According to new statistics from management consultancy Bain, some 80% of Chinese consumers used some form of smartphone payments service last year, far higher than a U.S. adoption rate of 10%, reports CNBC.

Broken down by service, the Chinese market is dominated by local systems like WeChat Pay and AliPay, both of which enjoyed over 80% adoption rates in 2018. Cash, bank cards, credit cards and bank apps follow, with Apple Pay listed as the most-used foreign service with 17% adoption.

Gerard du Toit, partner and head of Bain's banking and payments sector, notes countries like China and India are ripe for penetration due to their reliance on cash.

"China and India have been very cash-based economies — that has a pretty high hassle and friction factor," du Toit said. "Mobile payment is a dramatic improvement versus having to manage a whole bunch of cash."

Whereas Alibaba and Tencent offered attractive alternatives to traditional payments in a bid for Chinese consumer favor, India pushed the use of mobile payments to dissuade unrecorded cash transactions and thus reap consumption taxes.

The story is different in the U.S., where Apple Pay has a 9% adoption rate. By comparison, PayPal is used by 44% of American consumers, while credit card and cash boast respective adoption rates of 80% and 79%.

iStock-1134921314.jpg

There is little incentive for consumers to ditch credit cards, the top form of payment in America, for a mobile payment alternative, du Toit notes. In some cases, swiping or inserting a credit card into a point of sale terminal is easier than pulling out an iPhone, unlocking it and tapping it on an NFC reader.

"A big driver of mobile adoption is just how big an improvement is it," du Toit said. "When it comes to the U.S., there is a good enough solution there already."

Integration is another issue. Credit cards are accepted by nearly all U.S. merchants and cash is, obviously, ubiquitous.
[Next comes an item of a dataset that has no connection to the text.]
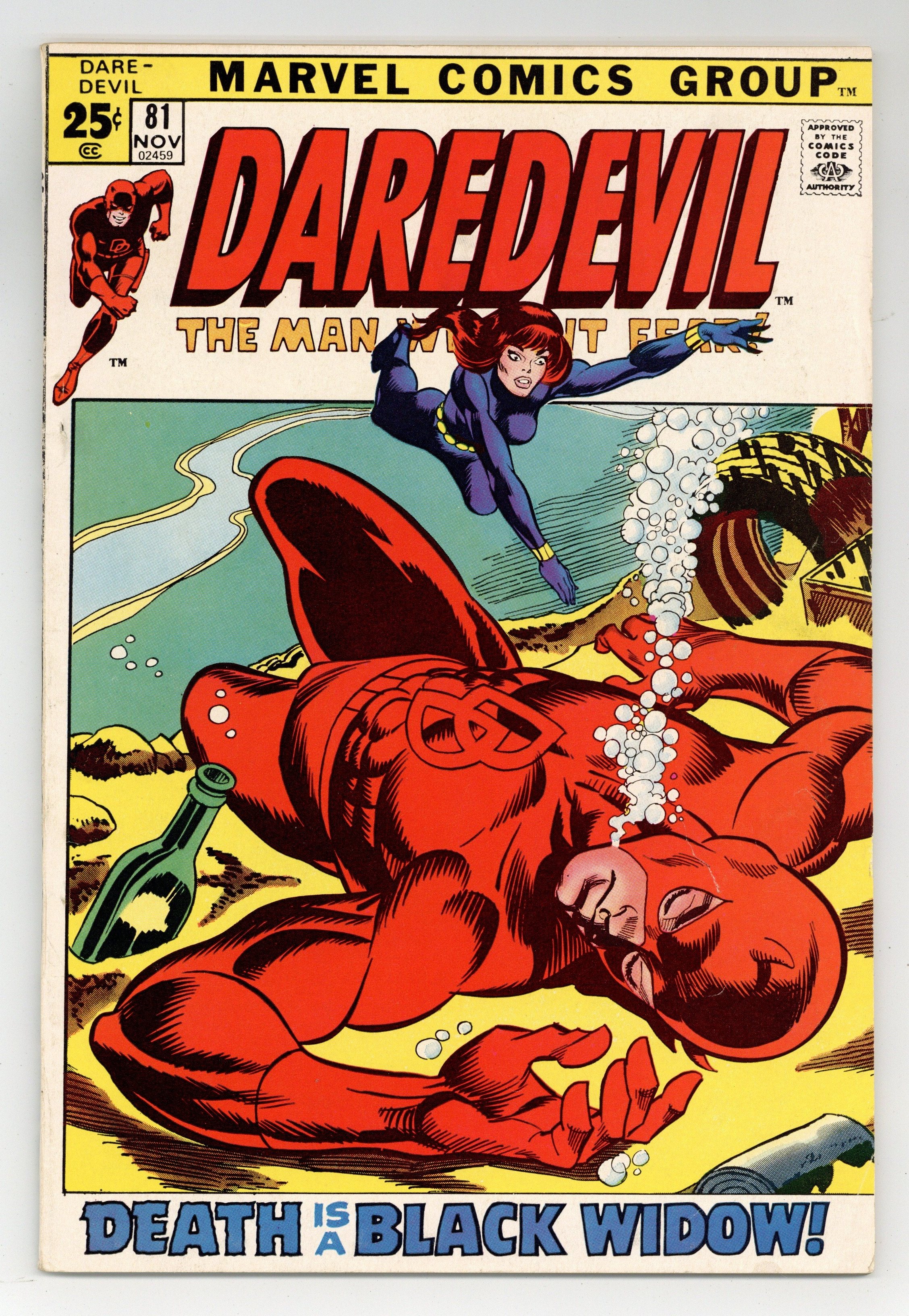 Starts Mar 23 Giant-size issue. Cover pencils by Gil Kane, inks by Frank Giacoia. And Death Is a Woman Called Widow, script by Gerry Conway, pencils by Gene Colan, inks by Jack Abel; Black Widow saves DD from drowning and then the two of them take down the Owl; Mr. Kline is revealed to be the robot MK-9 who refers to himself by the code name "Assassin." Black Widow pin-up by Bill Everett. This issue also contains a Fantastic Four reprint from Strange Tales 132, The Sinister Space Trap!, script by Larry Ivie, pencils by Bob Powell, inks by Mickey Demeo. 36 pgs. Cover price $0.25. Cover price $0.25.

Brick-and-mortar stores are beginning to adopt touchless solutions like Apple Pay, but the process often requires the purchase and installation of new hardware, as well as acceptance of an operator's terms.

The report goes on to note that consumers are unlikely to stray from the rewards that have become part and parcel of the credit card experience. Mobile services are working to integrate similar offers. The Starbucks app, which offers users credits that go toward free food and drink, is one example. According to eMarketer, Starbucks' system is the most used app in the U.S. with 23.4 million users, the report said. Apple Pay is a close second with 22 million users and is followed by Google Pay's 11.1 million adopters.

Apple is working to build out its rewards program with the recently released Apple Card, a branded credit card offered in partnership with Goldman Sachs. Through the Daily Cash system, users buying goods get a percentage of the purchase price back in cash, money that is automatically loaded onto their Apple Cash card for use or transfer to a bank account. Buying products and services from Apple nets 3% Daily Cash, Apple Pay transactions garner 2% cash back and all other purchases rate 1% back.

"The physical Apple card is going to drive liquidity into the mobile app, Apple Pay," said CB Insights senior analyst Arieh Levi. "That's not the only reason Apple is launching the card, but it's certainly a piece of it driving money to other parts of their ecosystem."

Apple CEO Tim Cook during the company's most recent earnings call in July said Apple Pay is seeing triple-digit growth around the world, with the service processing one billion transactions per month. The latter figure represents a two-fold increase from the same time last year.